Here are examples of the files I'm dealing with.

Here is a tab delineated sample id and property.
Code:
HELIUM:1:2:3      ABCDEF
HELIUM:1:2:4      ADEFBC
HELIUM:1:2:5      BDFACE
HELIUM:1:2:6      BEBACG
HELIUM:1:2:7      ABCDEF
HELIUM:1:2:8      ADEFBC
HELIUM:1:2:9      BDFACE
HELIUM:1:3:0      BEBACG

Here is a list of ids (The common prefix is missing) I wish to remove:
Code:
:1:2:3
:1:2:5
:1:2:6
:1:2:9

Many thanks in advance for any help you can provide.

Last edited by Franklin52; 04-15-2010 at 08:47 AM.. Reason: Please use code tags!
# 2  
Old 04-14-2010
Have you tried using grep? Use it as

Code:
grep -v -f "ids.txt" "sample-id-property.txt" > remainder.txt

# 3  
Old 04-14-2010
Please check how much time its consuming.
Code:
grep -v -f ids_to_remove_file orignal_file

# 4  
Old 04-14-2010
If your second example 1:2:3 is representative of the actual file contents of the small file, i.e., it has no prefix and no suffixed data either
Code:
awk -F':'  ' FILENAME=="smallfile" {arr[$1 $2 $3]++}
               FILENAME=="bigfile" {tmp=$2 $3 $4; if(tmp in arr) {next}; print $0 }
           ' smallfile bigfile >  newfile

Also
Code:
export LC_ALL=C

may help your error message language problem.

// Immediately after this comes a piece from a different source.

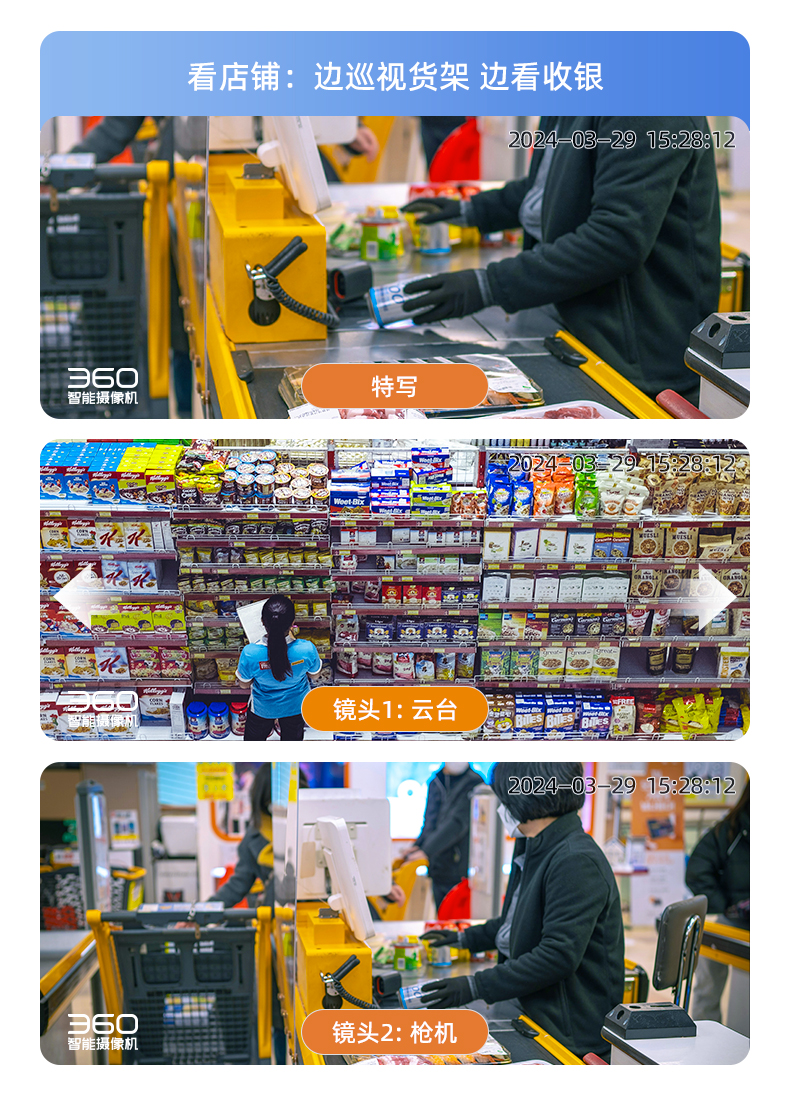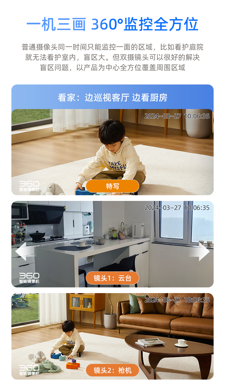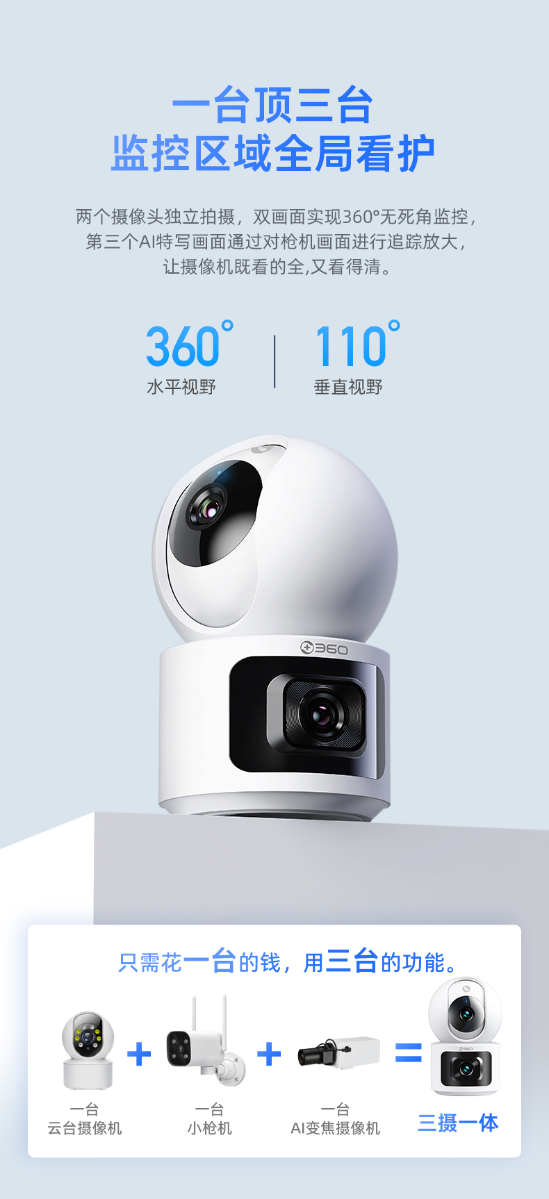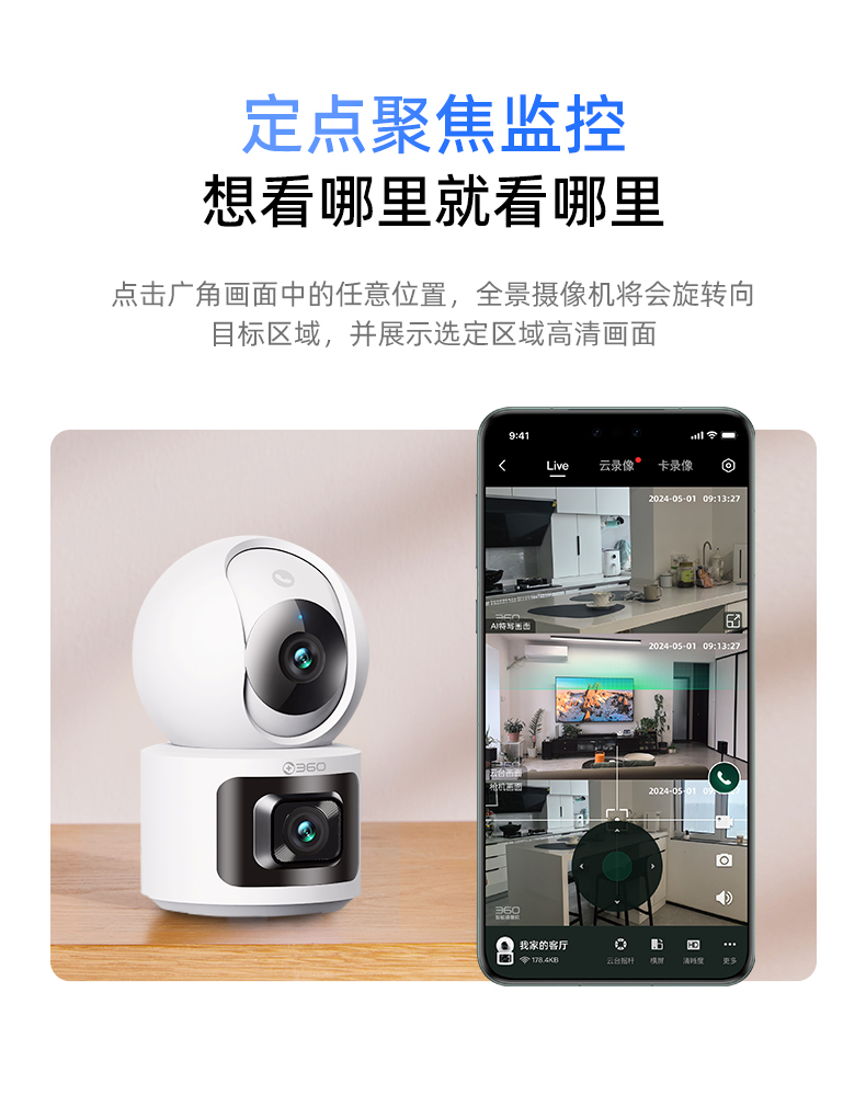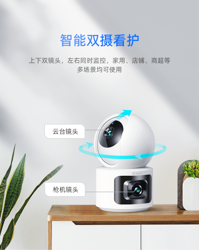 【专属】360智能摄像机6C双摄版 一机双画 双200万镜头 微光夜视 AI移动侦测 360度全景画面 双向通话功能

Last edited by jim mcnamara; 04-14-2010 at 08:37 AM..
# 5  
Old 04-14-2010
Great, thank you!
The grep works, but I was afraid it would also run too slowly. I just did a sample that searched 10,000 lines for 1,000 ids and it worked in about 2 seconds. I'm rather happy with that. I just hope the large files don't add too much load.

@jim mcnamara. The awk works wonderfully, but how do I get the data into a new file rather than print?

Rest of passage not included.